Not for the first time, the Tricycle Theatre has stepped in where the authorities feared to tread.
Stung by the Government's refusal to hold a full public enquiry into the August public disorder, artistic director Nicolas Kent commissioned Gillian Slovo to compile a verbatim piece on the events and their possible causes. The result is a taut, illuminating two-hour show, boiled down from a mass of interview material, in which we hear the riots described and debated by a diverse range of voices – police, rioters, the owner of a burnt-out flat, lawyers, politicians and social workers.
Michael Gove tells us that his wife thinks of the riots as a Rorschach blot in which bleeding-heart liberals and bring-back-the-birch reactionaries see what they want to find. By going behind the news reports into the individual experiences of participants and observers, The Riots seeks to free us from the trap of our personal prejudices. With the aid of film footage and animated maps, the witness accounts in the first half illustrate how local police insensitivity in Tottenham was the spark that turned a peaceful vigil into a bonfire. But we also learn of the significant pressures on the police themselves, holding back for fear of being thought racist, and hampered by farcical difficulties as when reinforcements from the North got lost because they had driven down in superannuated vans with no sat-nav that they rather hoped would be destroyed in the disturbances and replaced from Met coffers.

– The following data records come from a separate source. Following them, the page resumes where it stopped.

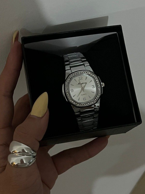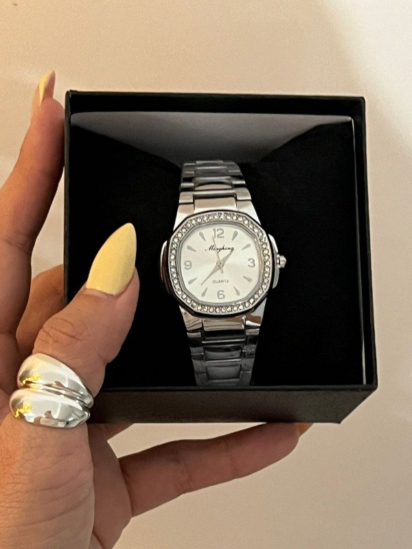 SET DE RELOJ PLATEADO CON BRILLOS+CAJA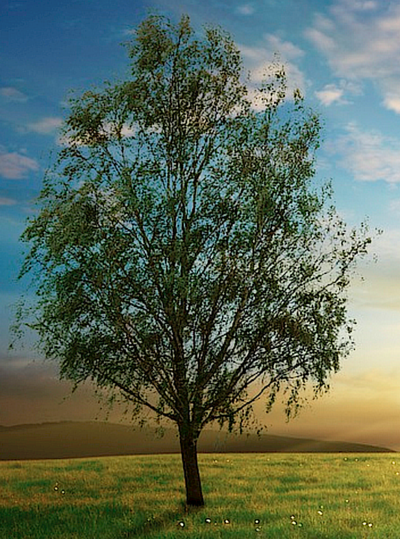 A graphic’s alpha channel forms a bump map that responds to light. Transparent values remain flat, while opaque values rise to form peaks that are illuminated more prominently. To illustrate how lighting works, this example generates a hilly terrain: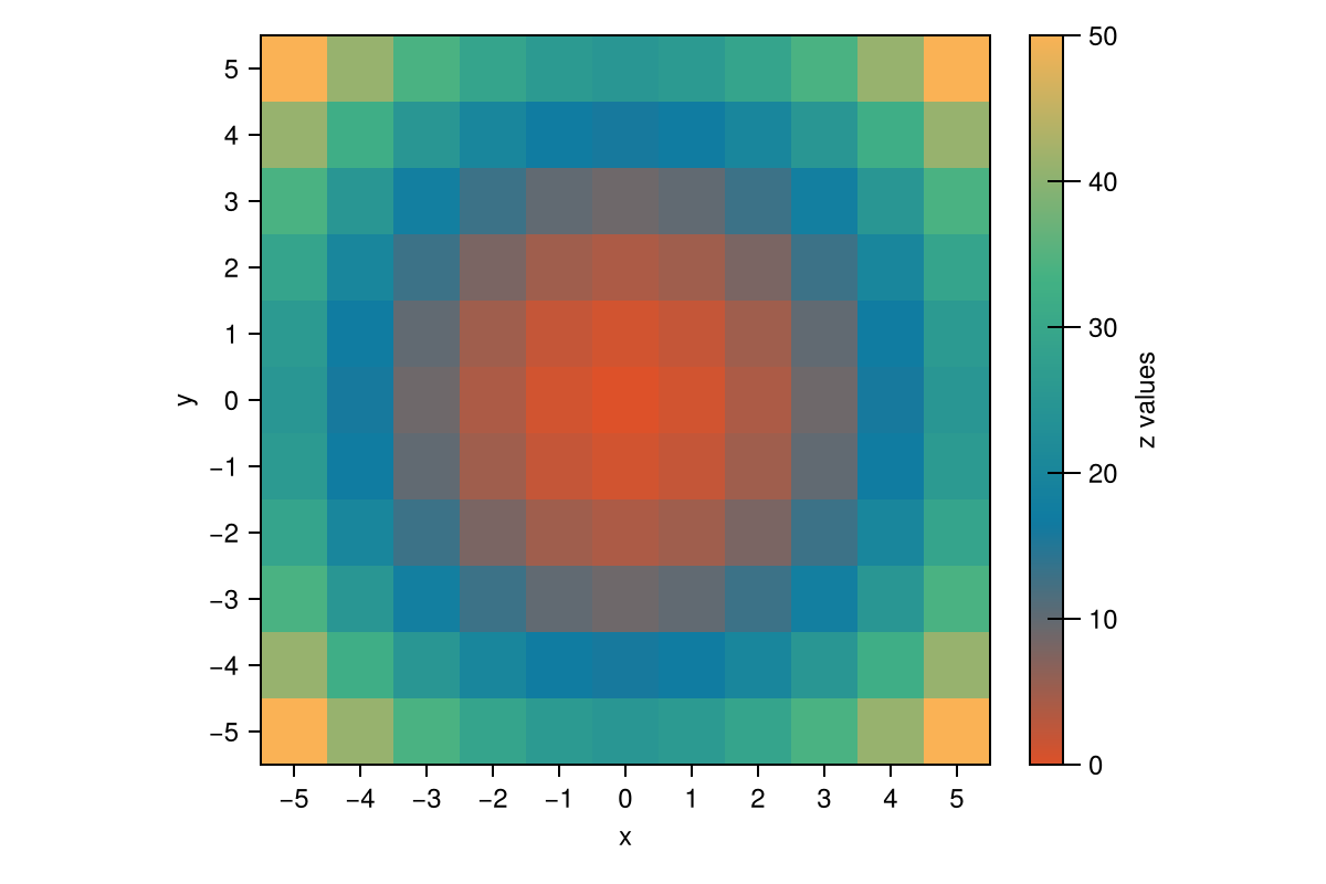 Colorbar(fig[1, 2], hmap, label = "z values", width = 15, ticksize = 15,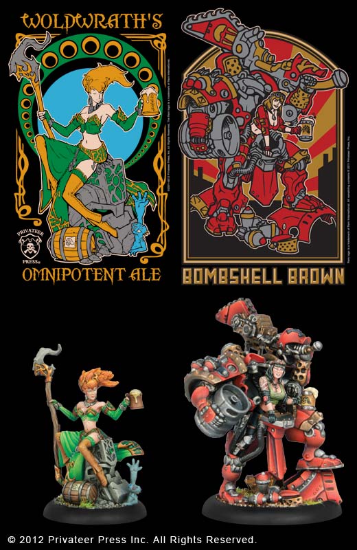 Speaking of the Bombardier Bombshell and Druid Gone Wilder, Privateer Press has teamed up with the Ram Restaurant and Brewery for a Privateer Press themed tap party Wednesday night to unveil the Woldwrath’s Omnipotent Ale! The Ram will be selling Druid Gone Wilder t-shirts, mugs, and growlers. Stop by The Ram throughout Gen Con and enjoy the special WARMACHINE and HORDES atmosphere, menu, and swag!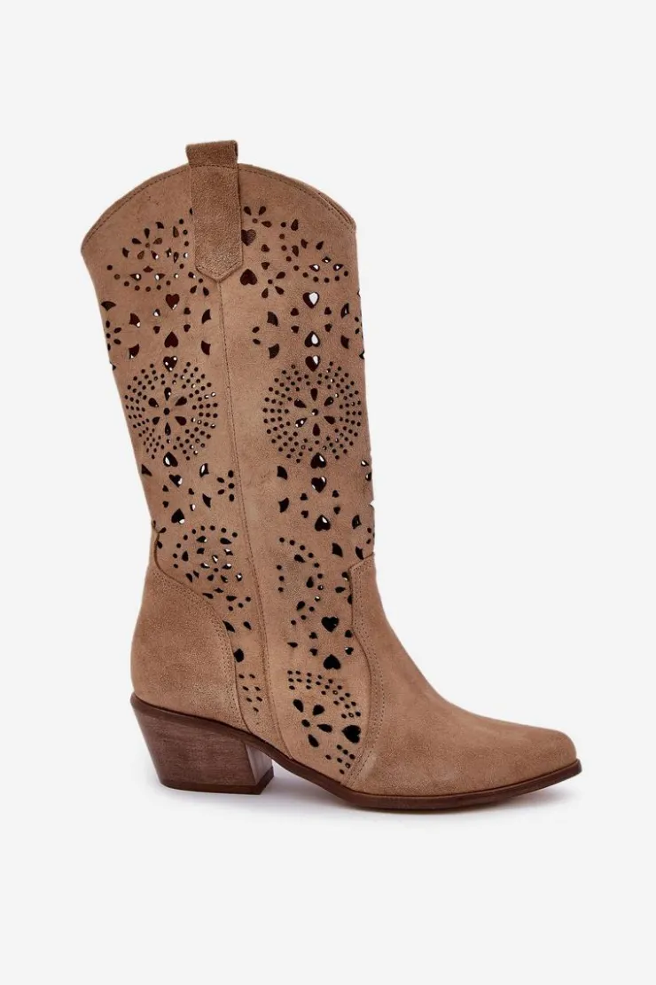 Kozaki z ażurową cholewką do połowy łydki. Model w stylu kowbojek. Zapinane na suwak. Noski w szpic optycznie wysmuklą nogi. Miękka, skórzana wkładka zapewni wygodę podczas użytkowania. Ażurowe kozaki to idealny wybór do wielu stylizacji! Przy wyborze rozmiaru prosimy sugerować się tabelą rozmiarów.

"You've got the legitimate anger. And then obviously you have people that jump on that anger," declares a Tottenham-based youth worker. The speculative second half offers a variety of views on the underlying causes, seen in the wider context of mass youth unemployment, the widening gap between rich and poor, and entrenched police attitudes towards young blacks.
At one end, there are folk like Mr Gove who castigates the rioters as a "vicious lawless and immoral minority" and who cannot see why the state should pay for youth services when you can join the scouts for free. At the other, there's the perhaps patronisingly liberal attitude that says you can hardly expect deprived youth not to turn into looters in a world where greedy bankers and MPs set such an appalling example. While its sympathies are evidently left-leaning, this powerfully performed piece makes you think without making your mind up for you.